● ABOUT THIS TASK
The whole listing should be retyped word for word, apart from the pictures it holds.

● STORED DATA
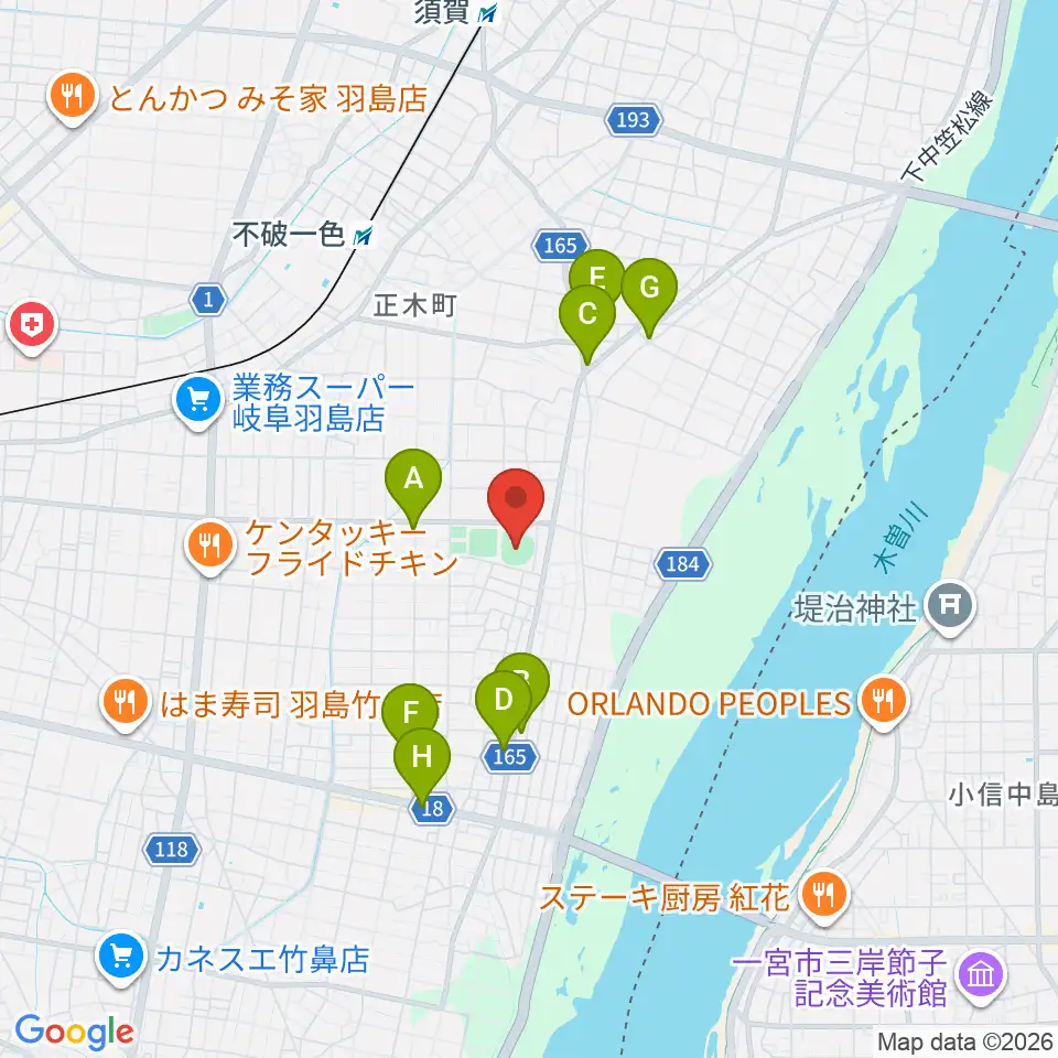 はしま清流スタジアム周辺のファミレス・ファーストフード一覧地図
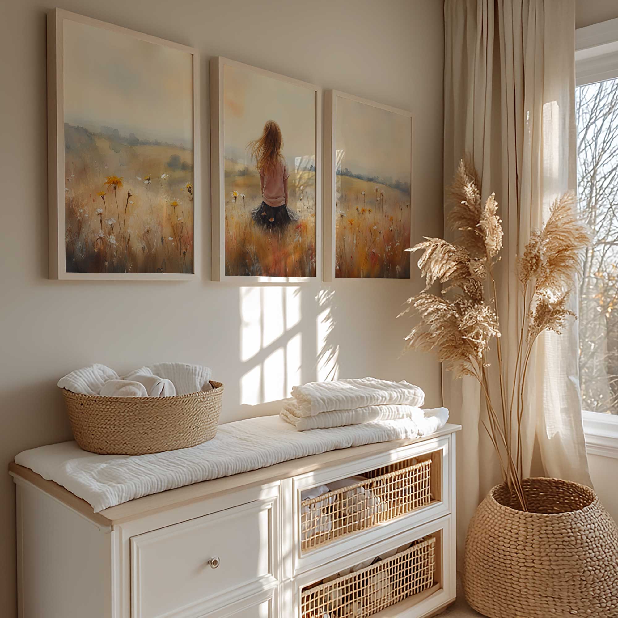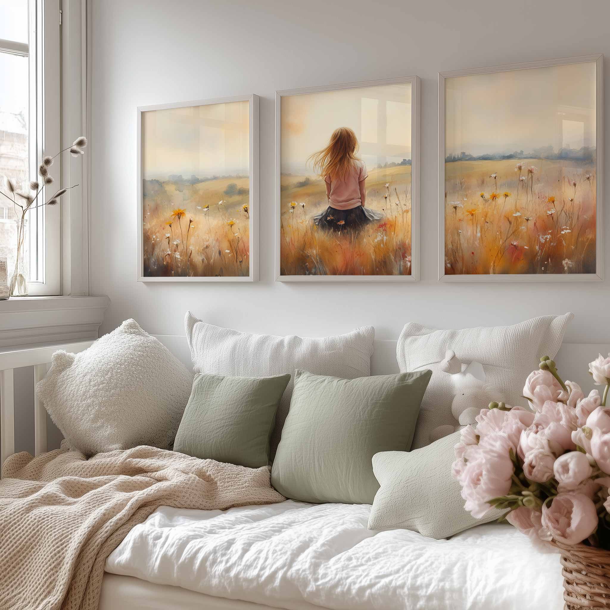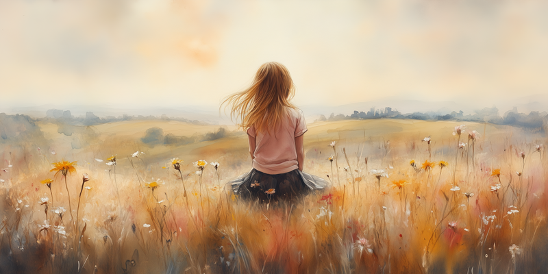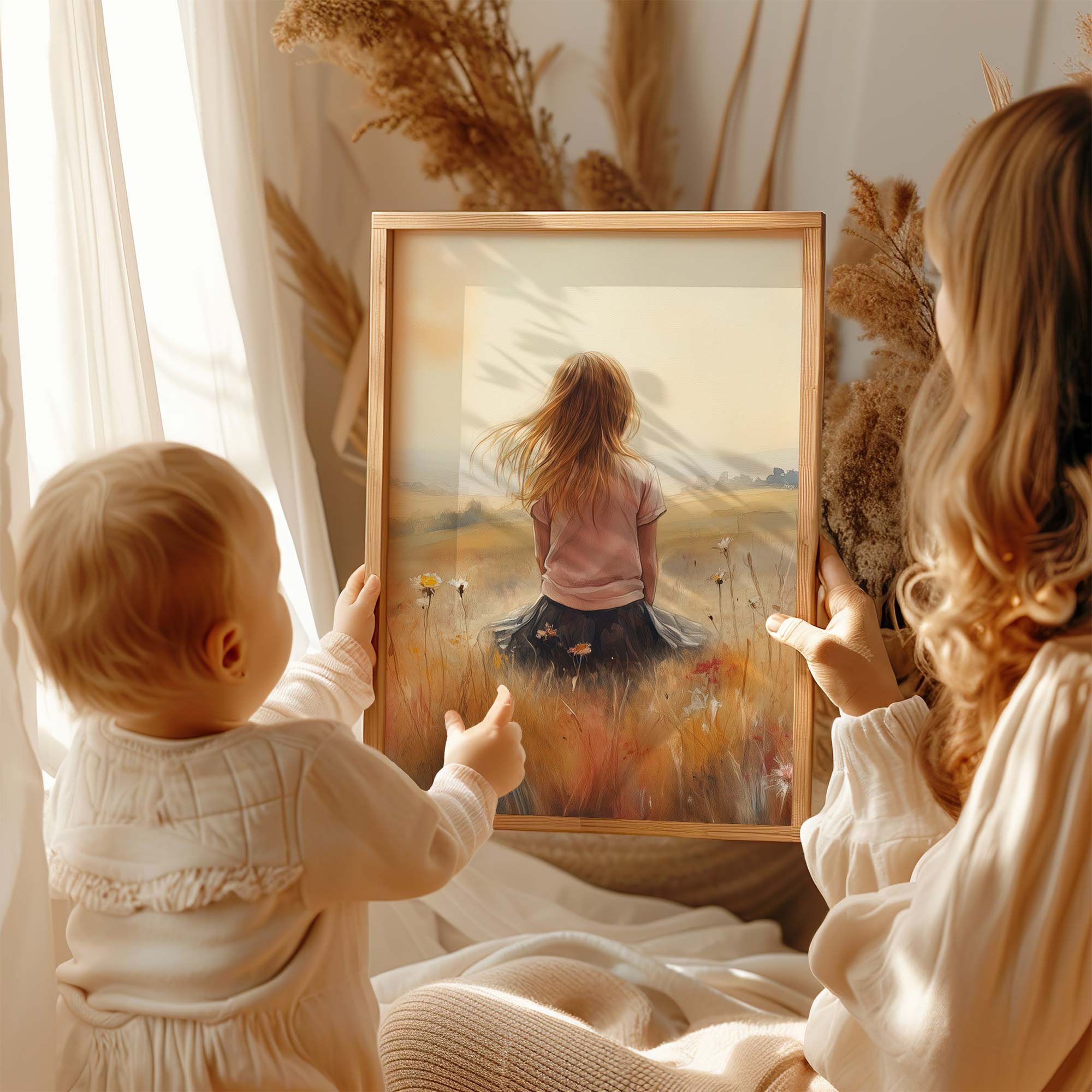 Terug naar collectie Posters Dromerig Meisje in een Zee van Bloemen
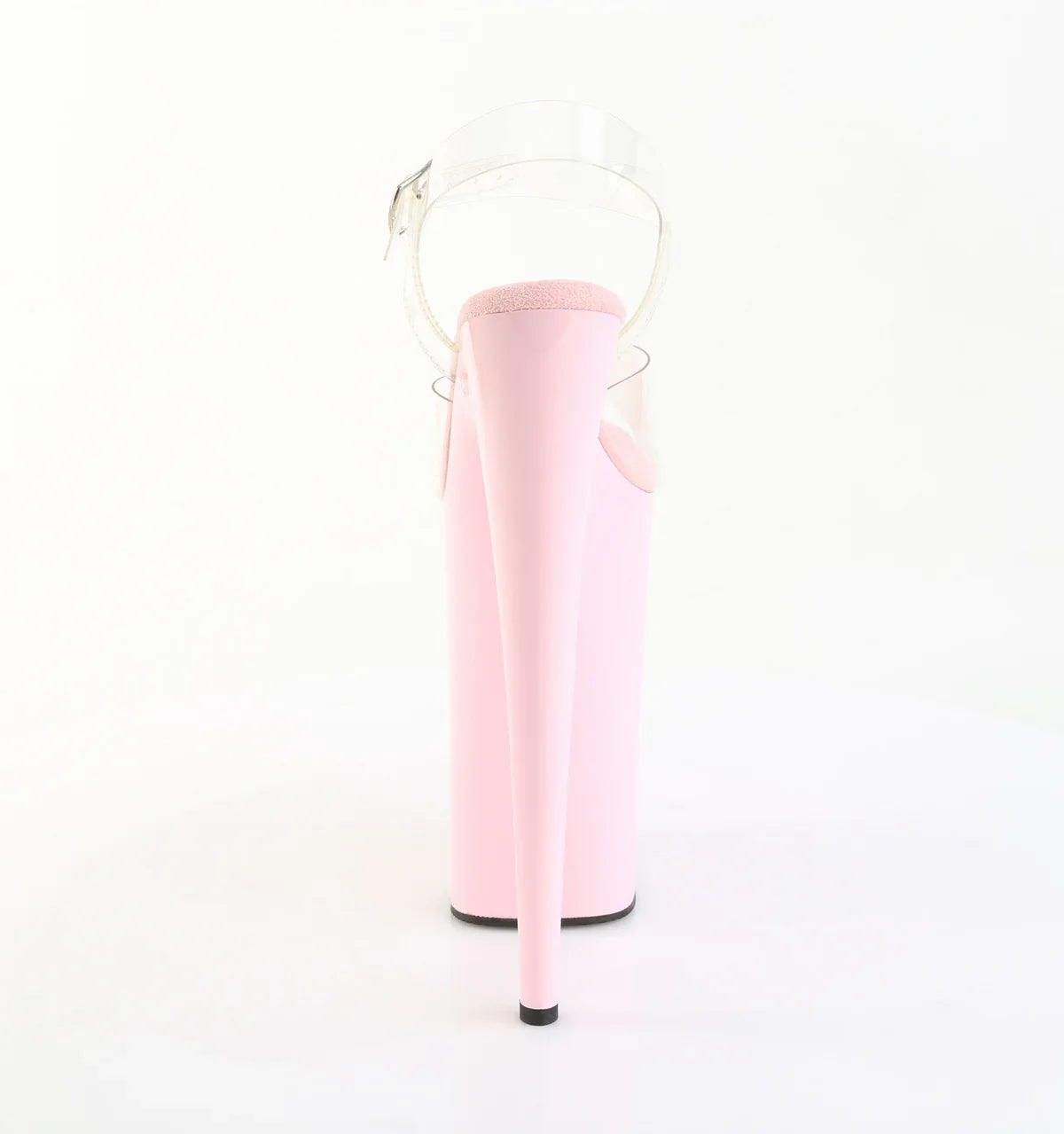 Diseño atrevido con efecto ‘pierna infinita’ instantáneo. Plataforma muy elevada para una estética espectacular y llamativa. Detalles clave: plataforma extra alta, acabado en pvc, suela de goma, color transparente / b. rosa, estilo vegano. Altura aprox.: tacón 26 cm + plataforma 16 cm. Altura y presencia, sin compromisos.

● EXERCISE RESPONSE
 はしま清流スタジアム周辺のファミレス・ファーストフード一覧地図
 Terug naar collectie Posters Dromerig Meisje in een Zee van Bloemen
 Diseño atrevido con efecto ‘pierna infinita’ instantáneo. Plataforma muy elevada para una estética espectacular y llamativa. Detalles clave: plataforma extra alta, acabado en pvc, suela de goma, color transparente / b. rosa, estilo vegano. Altura aprox.: tacón 26 cm + plataforma 16 cm. Altura y presencia, sin compromisos.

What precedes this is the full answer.